The approach taken in our current work [9] differs from the conventional crystallographic approach by focussing on the diffuse intensity that is scattered throughout q space rather than on the integrated intensities in localized diffraction peaks. This approach has been employed for unoriented stacks of membranes [10,11]; unoriented stacks have the advantage, compared to the oriented stacks that are employed in this study, that the samples are easy to prepare with few artifacts. However, the intensity of the scattering decreases more rapidly with higher q_z due to the Lorentz factor; it is also not possible to extract both material moduli K_c and B independently, only the Caillé parameter $\eta =\pi k_{B}T∕\left(2D^2\sqrt{B{K}_c}\right)$ that contains their product [12]. Obtaining both K_c and B is possible using oriented samples as was shown by Lei et al. [13], but their method required high intensity of small angle scattering which only occurs for surfactant systems with values of bending moduli K_c that are much smaller than for biomembranes. We first showed that both moduli could be obtained by focussing on diffuse scattering in the range q_z=0.2−0.6 Å⁻¹ and we reported values of the moduli for DOPC bilayers [9,14], as well as a preliminary form factor F(q_z). We have subsequently improved our numerical analysis and taken more data under better conditions. We now report the electron density profile and the structural parameters describing the DOPC bilayer that we obtain from it.
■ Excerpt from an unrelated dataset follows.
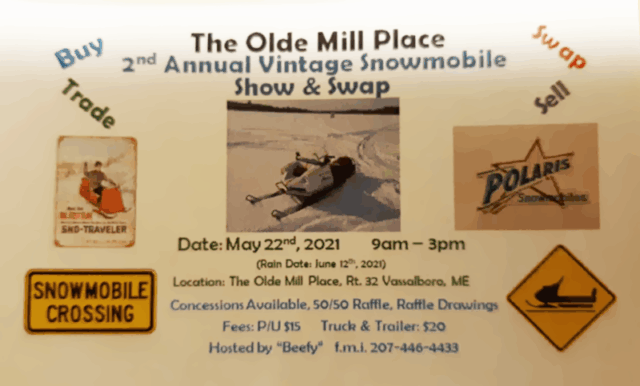 Search for: Advanced Search Place Ad Edit Ad Browse Ads Search Ads The Olde Mill Place 2nd Annual Vintage Snowmobile Show and SwapClick to enlarge image.Contact InformationContact BeefyPhone: 207-446-4433 Price: Free More InformationThe Old Mill Place 2nd Annual Vintage Snowmobile Show and Swap May 22, 2021. SATURDAY 9am - 3pm FMI call Beefy @. 207-446-4433 This Ad has been viewed 280 times.

Figure 1 shows a charge-coupled device (CCD)[15] image of the scattering observed from an oriented 10 μm thick film of DOPC lipid bilayers prepared using the rock and roll method on a flat Si substrate [16]. The flat sample was rotated continuously and uniformly with respect to the beam from −1° to 8° (q^max_z=1.48 Å⁻¹ with wavelength 1.1808 Å) to ensure collection of data in the entire observable q_z range 0–0.8 Å⁻¹ with equal probability. Of course, the intensity recorded on a single CCD pixel comes from different values of q; this is taken into account in the analysis by integrating the theoretical intensity over the appropriate values of q.

Fig. 1.

Gray scale CCD image of fully hydrated DOPC bilayers with background scattering subtracted. The attenuated beam is visible at q_z=0. The white box shows the purely nonspecular scattering data that are analyzed to obtain the material parameters K_c and B; these data are uncontaminated by specular reflectivity visible along the meridian.

The sample was placed in a specially designed humidity chamber. It has many of the same features as the Chalk River sample chamber [17] that was the first x-ray chamber to achieve full hydration [9]; this again demonstrates that the now defunct vapor pressure paradox was only an experimental artifact due to the difficulty of achieving 100 % relative humidity [18]. The primary data set in this paper has a repeat spacing D=63.2 Å, which is identical to that of unoriented dispersions in excess water [19].

Some of the data in the white box in Fig. 1 are shown quantitatively as a function of q_x in Fig. 2. I(q_x) decays more rapidly when q_z=2πh/D≈0.1h Å⁻¹ is near a lamellar order (integer values of h) than when q_z is between orders; as was previously emphasized [9], this is central to being able to obtain both K_c and B independently. Indeed, the fits to the data shown in Fig. 2 require the values of K_c and B that are given in Table I.

Fig. 2.

Normalized scattering intensity I vs q_x are shown as data points for a few values of q_z with vertical offsets of 0.2 for successive q_z. The solid lines show the fits to the data that give the best values for the parameters shown in Table I and for the overall scaling factors that yield the bilayer form factors |F(q_z)|. The residuals to the fit (see Ref. [21]) are essentially random.

TABLE I.

Results for the material parameters of DOPC at T=30 °C for two D spacings.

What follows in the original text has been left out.